# How do you factor y^4+8y^3+12?

Feb 20, 2017

If the question is correct as stands then the answer is complicated, but here's a sketch of how you can do it...

#### Explanation:

${y}^{4} + 8 {y}^{3} + 12$

Let $t = y + 2$

Then:

${y}^{4} + 8 {y}^{3} + 12 = {\left(y + 2\right)}^{4} - 24 {\left(y + 2\right)}^{2} + 64 \left(y + 2\right) - 36$

$\textcolor{w h i t e}{{y}^{4} + 8 {y}^{3} + 12} = {t}^{4} - 24 {t}^{2} + 64 t - 36$

$\textcolor{w h i t e}{{y}^{4} + 8 {y}^{3} + 12} = \left({t}^{2} - a t + b\right) \left({t}^{2} + a t + c\right)$

$\textcolor{w h i t e}{{y}^{4} + 8 {y}^{3} + 12} = {t}^{4} + \left(b + c - {a}^{2}\right) {t}^{2} + a \left(b - c\right) t + b c$

Equating coefficients:

$\left\{\begin{matrix}b + c = {a}^{2} - 24 \\ b - c = \frac{64}{a} \\ b c = - 36\end{matrix}\right.$

Hence:

${a}^{4} - 48 {a}^{2} + 576 = {\left({a}^{2} - 24\right)}^{2} = {\left(b + c\right)}^{2} = {\left(b - c\right)}^{2} + 4 b c = \frac{4096}{a} ^ 2 - 144$

Hence:

$0 = {\left({a}^{2}\right)}^{3} - 48 {\left({a}^{2}\right)}^{2} + 720 \left({a}^{2}\right) - 4096$

$\textcolor{w h i t e}{0} = {\left({a}^{2} - 16\right)}^{3} - 48 \left({a}^{2} - 16\right) - 768$

Using Cardano's method, let ${a}^{2} - 16 = u + v$

Then:

${u}^{3} + {v}^{3} + 3 \left(u v - 16\right) \left(u + v\right) - 768 = 0$

Add the constraint $v = \frac{16}{u}$ to eliminate the term in $\left(u + v\right)$ and get:

${\left({u}^{3}\right)}^{2} - 768 \left({u}^{3}\right) + 4096 = 0$

${u}^{3} = \frac{768 \pm \sqrt{{768}^{2} - 4 \left(1\right) \left(4096\right)}}{2}$

$\textcolor{w h i t e}{{u}^{3}} = 384 \pm 64 \sqrt{35}$

$\textcolor{w h i t e}{{u}^{3}} = {4}^{3} \left(6 \pm \sqrt{35}\right)$

Hence:

${a}^{2} = 16 + 4 \sqrt{6 + \sqrt{35}} + 4 \sqrt{6 - \sqrt{35}}$

We can use the positive square root:

$a = 2 \sqrt{4 + \sqrt{6 + \sqrt{35}} + \sqrt{6 - \sqrt{35}}}$

Then:

$b = \frac{1}{2} \left({a}^{2} - 24 + \frac{64}{a}\right)$

$c = \frac{1}{2} \left({a}^{2} - 24 - \frac{64}{a}\right)$

Leaving us with two quadratics to solve:

${t}^{2} - a t + b = 0$

${t}^{2} + a t + c = 0$

yielding $4$ roots: ${t}_{1} , {t}_{2} , {t}_{3} , {t}_{4}$.

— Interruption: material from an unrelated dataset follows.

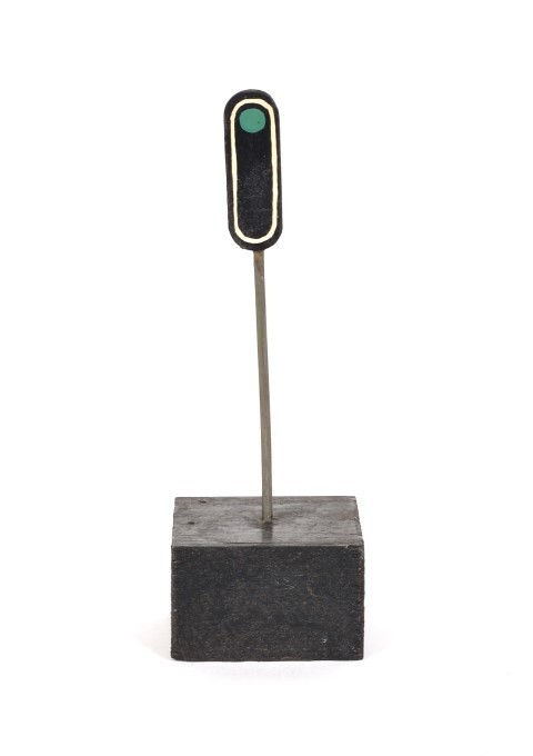 Dit schaalmodel werd in de jaren 1960 gebruikt als didactisch materiaal bij de opleiding van treinbestuurders. De maquette bestaat uit een langwerpige zwarte rechthoek met afgeronde hoeken en een witte rand. Bovenaan brandt er een groen licht. In deze stand mag de machinist doorrijden aan een normale snelheid.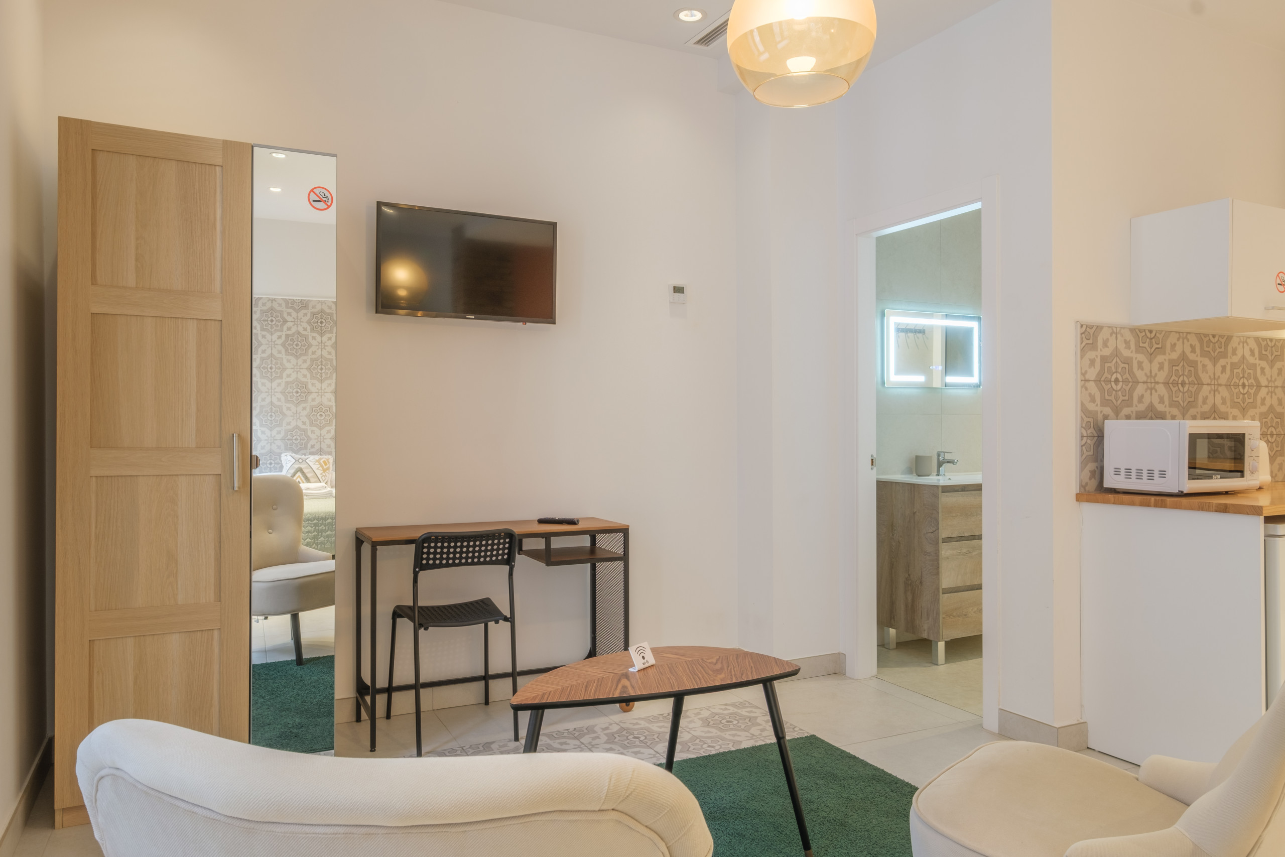 Nell'area living ci sono due comode sedie, scrivania, tavolo da pranzo e TV.

Then the zeros of our original quartic are given by:

${y}_{n} = {t}_{n} - 2$

Hence we find a factorisation:

${y}^{4} + 8 {y}^{3} + 12 = \left(y - {y}_{1}\right) \left(y - {y}_{2}\right) \left(y - {y}_{3}\right) \left(y - {y}_{4}\right)$

where ${y}_{1} , {y}_{2} , {y}_{3} , {y}_{4}$ are the four zeros.